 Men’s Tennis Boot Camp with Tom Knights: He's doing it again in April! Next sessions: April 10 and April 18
----------
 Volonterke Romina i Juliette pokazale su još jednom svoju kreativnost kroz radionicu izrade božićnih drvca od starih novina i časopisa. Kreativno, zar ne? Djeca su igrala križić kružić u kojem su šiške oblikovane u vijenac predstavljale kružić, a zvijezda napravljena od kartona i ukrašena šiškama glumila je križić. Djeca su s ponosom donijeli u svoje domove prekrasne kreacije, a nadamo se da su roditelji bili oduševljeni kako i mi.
----------
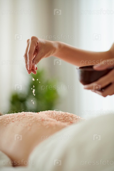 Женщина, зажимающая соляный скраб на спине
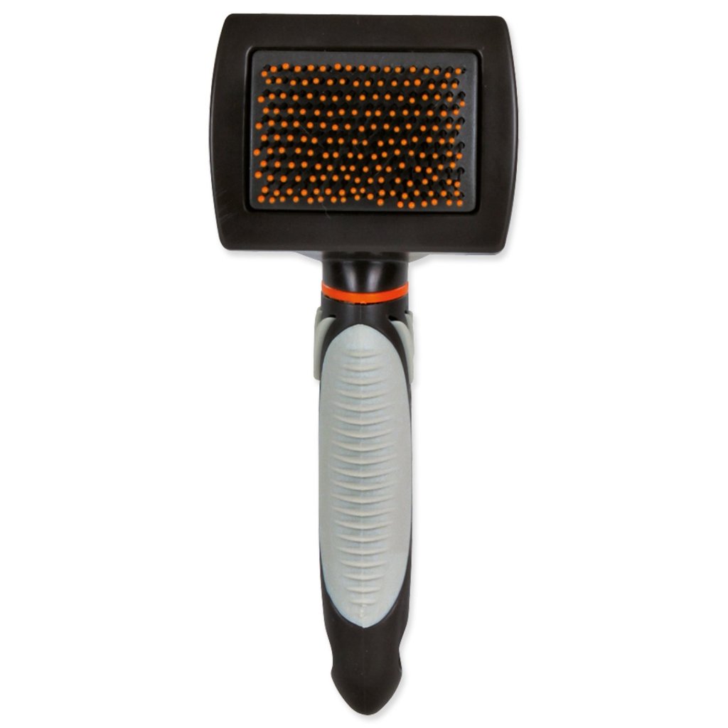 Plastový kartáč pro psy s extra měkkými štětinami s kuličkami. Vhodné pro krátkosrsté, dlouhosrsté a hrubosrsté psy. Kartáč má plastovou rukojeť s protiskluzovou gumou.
----------
* [TASK]
All that should appear in the answer is the lines above from the line with "Женщина, зажимающая соляный скраб на спине" through the line with "Plastový kartáč pro", retyped exactly, pictures left out.

* [RESULT FOR THIS TASK]
 Женщина, зажимающая соляный скраб на спине
 Plastový kartáč pro psy s extra měkkými štětinami s kuličkami. Vhodné pro krátkosrsté, dlouhosrsté a hrubosrsté psy. Kartáč má plastovou rukojeť s protiskluzovou gumou.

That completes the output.